Materials provided
-.-.-

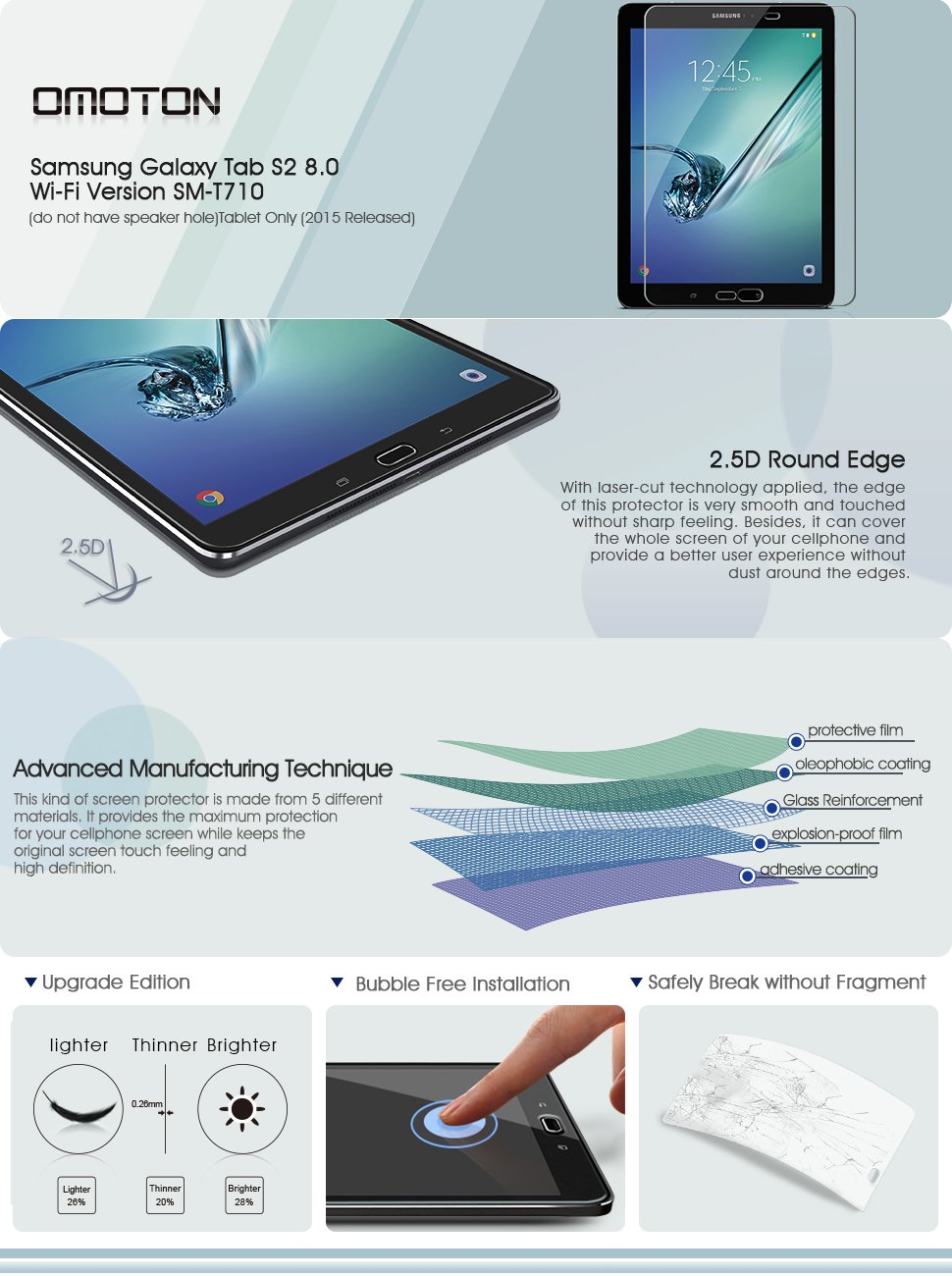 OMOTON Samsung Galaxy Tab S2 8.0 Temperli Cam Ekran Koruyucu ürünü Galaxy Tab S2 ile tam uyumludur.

-.-.-

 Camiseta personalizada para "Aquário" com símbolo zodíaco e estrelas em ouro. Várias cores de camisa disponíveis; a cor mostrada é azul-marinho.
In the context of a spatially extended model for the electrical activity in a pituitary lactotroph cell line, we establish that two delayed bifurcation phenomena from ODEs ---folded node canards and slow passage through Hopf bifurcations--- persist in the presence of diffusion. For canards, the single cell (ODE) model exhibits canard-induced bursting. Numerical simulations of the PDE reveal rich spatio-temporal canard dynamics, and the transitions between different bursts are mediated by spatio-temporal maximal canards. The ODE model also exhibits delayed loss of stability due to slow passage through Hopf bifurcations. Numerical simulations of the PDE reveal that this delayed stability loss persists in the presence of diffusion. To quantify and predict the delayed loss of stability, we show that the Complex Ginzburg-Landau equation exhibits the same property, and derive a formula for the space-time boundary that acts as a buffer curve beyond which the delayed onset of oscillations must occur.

-.-.-

To do
Start with the line above that contains "Camiseta personalizada para" and end with the line that contains "In the context". Write out those lines exactly, and only those.

Exercise answer
 Camiseta personalizada para "Aquário" com símbolo zodíaco e estrelas em ouro. Várias cores de camisa disponíveis; a cor mostrada é azul-marinho.
In the context of a spatially extended model for the electrical activity in a pituitary lactotroph cell line, we establish that two delayed bifurcation phenomena from ODEs ---folded node canards and slow passage through Hopf bifurcations--- persist in the presence of diffusion. For canards, the single cell (ODE) model exhibits canard-induced bursting. Numerical simulations of the PDE reveal rich spatio-temporal canard dynamics, and the transitions between different bursts are mediated by spatio-temporal maximal canards. The ODE model also exhibits delayed loss of stability due to slow passage through Hopf bifurcations. Numerical simulations of the PDE reveal that this delayed stability loss persists in the presence of diffusion. To quantify and predict the delayed loss of stability, we show that the Complex Ginzburg-Landau equation exhibits the same property, and derive a formula for the space-time boundary that acts as a buffer curve beyond which the delayed onset of oscillations must occur.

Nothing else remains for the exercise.